Psikolojik savaşın belgeleri sızdı
Cambridge’in 70 milyon sterlinlik Savunma Bakanlığı fonuyla ortakların arasında listelendiği, belgelerde yer aldı. Sızan belgelere göre, İngiliz ordusu, yeni psikolojik savaş ve davranışsal manipülasyon tekniklerini araştırmak üzere felsefecileri, psikologları ve din bilginlerini işe alıyor.
Cambridge tarafından açıklanan belgeler Savunma Bakanlığı’nın, davranışları manipüle etmek için yeni yollar arayışı içinde olduğunu ortaya çıkardı.
“İNSAN DAVRANIŞINI ANLAMA VE ETKİLEME”
Cambridge Üniversitesi, Beşeri ve Sosyal Bilimler Araştırma Gücü (HSSRC) olarak bilinen ve “psikolojik harekatlar” da dahil olmak üzere; güzel sanatlar, beşeri bilimler ve sosyal bilimlerin ordu ve güvenlik stratejilerini nasıl şekillendirebileceğini ele alan bir proje kapsamında, yaklaşık 70 milyon Sterlin fon sağlanan bir ortak olmayı talep ettiği için, Savunma Bakanlığı’na bağlı Savunma Bilimi ve Teknoloji Laboratuvarı (DSTL) yetkilileri tarafından listeye alınan kurumlar arasındaydı.

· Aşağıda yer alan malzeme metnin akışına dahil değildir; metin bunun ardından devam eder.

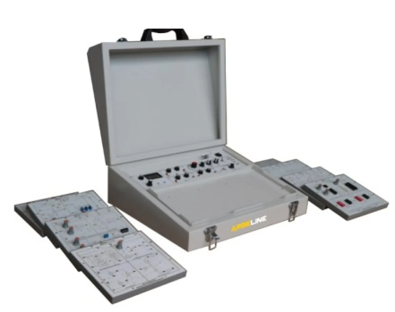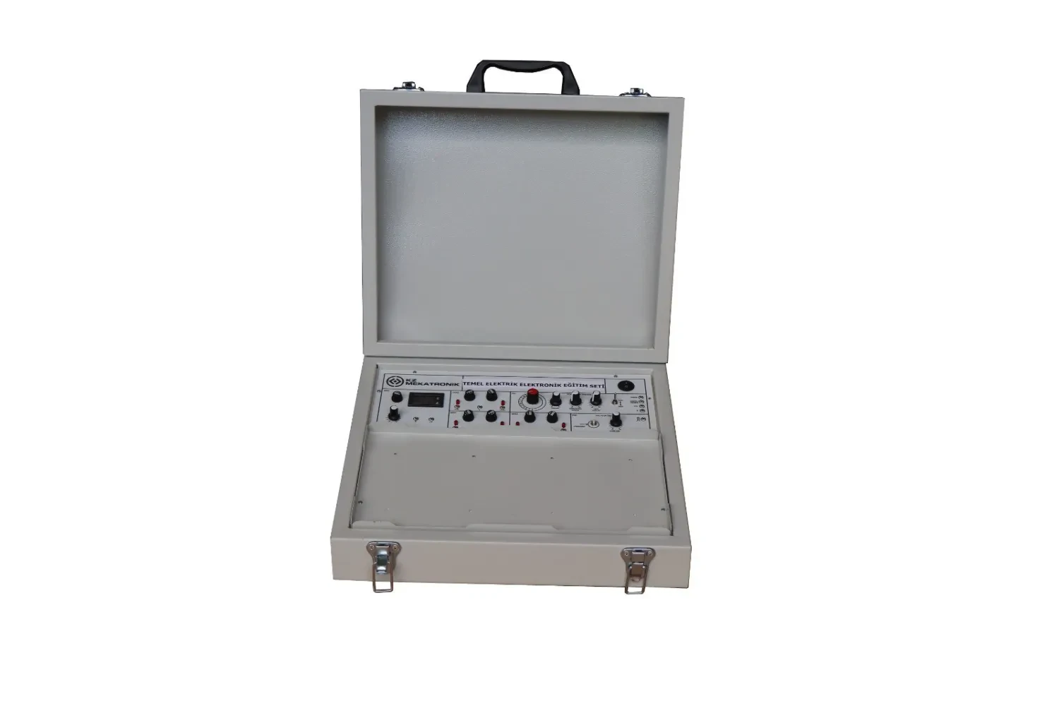 Temel Elektrik Elektronik Eğitim Seti ana ünitesi, analog uygulamalar, dijital uygulamalar ve temel devre analizi uygulamalarının yapılabileceği şekilde çantalı ve masaüstü kullanıma uygun yapıda tasarlanmıştır. Eğitim setinin içeriği, temel eğitim dahil ileri seviye teknik eğitim için uygundur. Eğitim seti modüler yapıdadır. Modül kutuları metal saçtan imal edilmiş ve elektrostatik toz boya ile kaplanmıştır. Eğitim Seti; Temel Elektrik Elektronik Eğitim Seti ana ünitesi, analog uygulamalar ve temel devre analizi uygulamalarının yapılabileceği şekilde tasarlanmıştır. Set üzerinde; ayarlı ve sabit güç kaynakları, fonksiyon jeneratörü, darbe üreteçleri, sabit osilatör ve analog devre uygulamaları için gerekli giriş-çıkış elemanları bulunmaktadır. Deney seti AC ve DC modüllerini içermektedir.

Üniversitenin sözcülerinden biri, bu talebin sonra geri çekildiğini söyledi. Bu projenin diğer ortak adayları da -yine sonradan vazgeçen- Lancaster Üniversitesi ve savunma sanayisi şirketleri BAE Systems ile QinetiQ idi.
İnternet üzerinden yayınlanan ve potansiyel üstlenicilere yönelik hazırlanmış bir slayt gösterisindeki Savunma Bilimi ve Teknoloji Laboratuvarı (DSTL) araştırma öncelikleri listesinde, “bilginin hedeflendirilmiş manipülasyonu” ve “askeri, askeri olmayan, aleni ve gizli tüm ulusal imkan ve kabiliyetlerin koordineli bir biçimde kullanılması” da dahil olmak üzere “insan davranışını anlama ve etkileme”ye yer verildi.
“YASAL KURALLARA UYMAKTADIR”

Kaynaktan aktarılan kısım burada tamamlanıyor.